家に向かう最中、詩音は足を止める。そこには何故か一台のド派手な馬車が倒れていた。足を止めたのは詩音はその馬車に見覚えがあったからだ。
「クロエ様…?」
親しい友の名前を呼ぶ。馬車の近くの地面には血の跡と何人か倒れている護衛。
「クロエ様ッ!」
詩音は血相を変えて馬車に駆け寄った。馬車の扉を開いていて中には誰もいない。辺りを見回せば木の幹に倒れかかる人影が一つ。
「マノンさん!!」
彼女は息をしていてどうやら気絶しているだけのようだ。
最悪の状況ではなくほっと安堵の息を吐く、が木々がなぎ倒されるような音を聞き、詩音はその音の方へまた走り出した。
見つけたクロエは敵を前に無力にへたり込んで震えていた。ナタリアは直ぐにクロエと相手の間に割り込むように飛び出す。
「何をしてるの!」
「ナタリア…!」
詩音は見た。
獣だ。灰色の毛並みに少しでも触れれば傷ついてしまいそうな鋭い爪と牙、獲物を狙うように爛々と光る目はじっとこちらを向いていた。
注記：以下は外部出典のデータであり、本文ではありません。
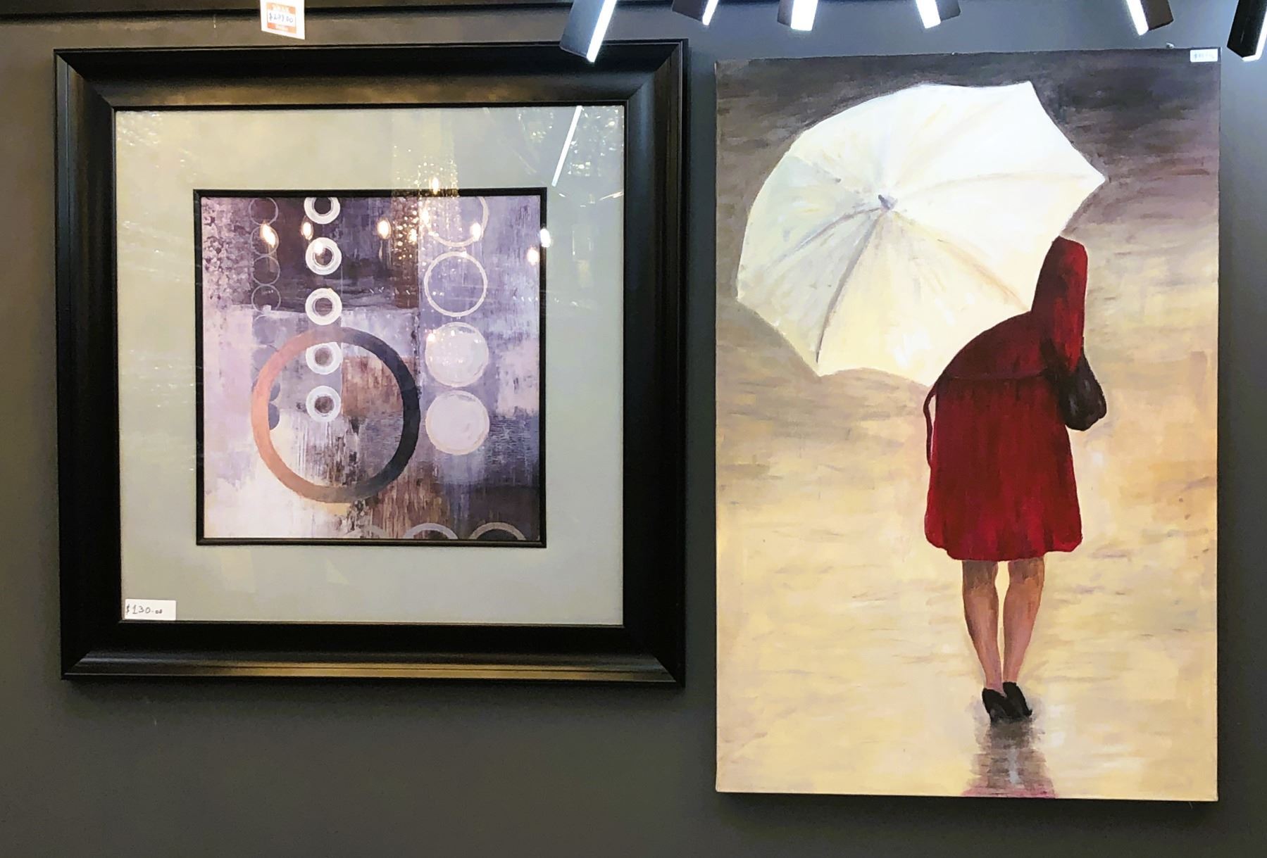 Group of 2 assorted decorative wall hangings - includes women painting paint on canvas (2ft 3ft) & framed wall hanging - (approx. 32in x 31.5in)

しかしそれは人の形もしていた。二メートル近い体と強靭な肉体は二本の脚で支えられていたのだ。その姿はまるで……
「人狼……?」
詩音の呟きに獣は答えない。
どうしてこんなところに?そもそもここって人狼って存在するの?他国の者かそれか……
「ナ、ナタリア……」
弱々しいクロエの声に詩音ははっとして集中する。なんであれここを突破することが最優先だ。他のことは後で考えるべきだ。
詩音は体制を低くして身構える。
人狼は大きく吠えた。詩音は走り出す。
大きく振られた右腕をしゃがんで躱すと直ぐに体勢を戻し右手を突き出し──
『お前がお前のままでまだいたいと言うのなら────』
「ッ」
風魔法は人狼背中に当たった。当たったが……
しまった。思ったよりも威力が……。
詩音の攻撃は微塵も効いていない様子だった。人狼はゆっくり振り返る。
「躾が必要だ」
喋っ!?
その瞬間、詩音は木の幹に叩きつけられる。
「ッ────!」
強い衝撃を受けて息が詰まり呼吸が出来ない。意識が遠のいていく。
詩音は名前を呼ぶ声を聞きながら気絶した。